Both considered paradoxes give a rough estimate of approximately 103 nucleotides, above which the problems of complex systems arise. This number of nucleotides corresponds to approximately one gene. This coincidence does not seem accidental. It is likely that molecular machines and coding systems cannot be too simple (i.e., they cannot contain only a few monomers) to perform their functions (compare with self-reproducting automata, von Neumann and Burks 1966). Note that the number of nucleotides of the order of 103 is much smaller than that of the simplest of modern cells.

These formulated paradoxes are an obstacle to the emergence of life in any form (including alternative forms of life based on other chemical elements, such as silicon, arsenic, etc.). These are general restrictions, relating to all of the known elements of the periodic table.

As for non-living molecular systems, the proposed paradoxes are not typical. The very existence of such paradoxes can be used as the basis for the definition of life. We can give the following definition of life:

Life is a non-equilibrium self-reproducing system of such great complexity (number of variants) that simple enumeration of variants cannot be realized in it.

We also note that both formulated paradoxes may have a unified solution. Indeed, because any information can exist only if there is a physical carrier for it, then in both cases, the question arises, what forces act between biologically important molecules? This issue has been discussed previously as well (Melkikh 2013, 2014a, b), and it was concluded that quantum mechanics should play an important role in these processes.

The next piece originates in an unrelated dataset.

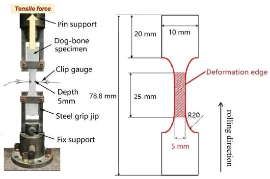 Test setup and the details of tensile specimens of the dog bone geometry.

What experiments could shed light on the mechanisms of replication and molecular machines operating in the simplest cells? Such experiments should include much more detailed measurement of intracellular molecular processes than is usually done. On the one hand, the experiment should include detailed (at the level of individual nucleotides or atoms) measurements (e.g., using X-ray or neutron diffraction) of evolving systems’ status. On the other hand, a detailed registration of reactions between biologically important molecules (in particular—the process of folding) is needed. A number of such experiments were proposed earlier (Melkikh 2013, 2014a, b).